100 patients [(naïve (n=29); or previously treated with agalsidase beta who switched to Replagal (n=71)) were treated for up to 30 months in an open label, uncontrolled study. An analysis showed that serious adverse events were reported in 39.4% of those patients who switched from agalsidase beta compared to 31.0% in those who were naïve to therapy prior to study entry. Patients switched from agalsidase beta to Replagal had a safety profile consistent with that observed in other clinical experience. Infusion related reactions have been experienced by 9 patients of the naïve population (31.0%) compared to 27 patients of the switched population (38.0%).
In an open‐label randomised study, there were no statistically significant differences between adult patients treated for 52 weeks with 0.2 mg/kg intravenously every other week (n=20) and those treated with 0.2 mg/kg weekly (n=19) in mean change from baseline LVMI or other endpoints (cardiac functional status, renal function, and pharmacodynamic activity). In each treatment group, LVMI remained stable over the treatment period of the study. The overall incidence of SAEs by treatment group did not show any obvious effect of treatment regimen on the SAE profile of the different treatment groups.
Antibodies to agalsidase alfa have not been shown to be associated with any clinically significant effects on safety (e.g. infusion reactions) or efficacy.

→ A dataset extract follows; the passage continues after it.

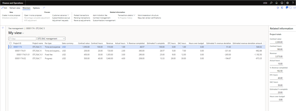 New view option “ETC/EAC management” is added on the existing Fee management form. This view option will be available when “Activate ETC/EAC management” parameter is set as “Yes”. New fields will be initialized only when the “ETC/EAC management” view option is selected on the Fee management form. New menu item is created to open and initialize the “Fee management” form directly as “ETC/EAC management” on the projects form.

Single doses ranging from 0.007-0.2 mg enzyme per kg body weight were administered to adult male patients as 20-40 minute intravenous infusions while female patients received 0.2 mg enzyme per kg body weight as 40 minute infusions. The pharmacokinetic properties were essentially unaffected by the dose of the enzyme. Following a single intravenous dose of 0.2 mg/kg, agalsidase alfa had a biphasic distribution and elimination profile from the circulation. Pharmacokinetic parameters were not significantly different between male and female patients. Elimination half-lives were 108 ± 17 minutes in males compared to 89 ± 28 minutes in females and volume of distribution was approximately 17% body weight in both sexes. Clearance normalised for body weight was 2.66 and 2.10 ml/min/kg for males and females, respectively. Based on the similarity of pharmacokinetic properties of agalsidase alfa in both males and females, tissue distribution in major tissues and organs is also expected to be comparable in male and female patients.
Following six months of Replagal treatment 12 of 28 male patients showed altered pharmacokinetics including an apparent increase in clearance. These changes were associated with the development of low titre antibodies to agalsidase alfa but no clinically significant effects on safety or efficacy were observed in the patients studied.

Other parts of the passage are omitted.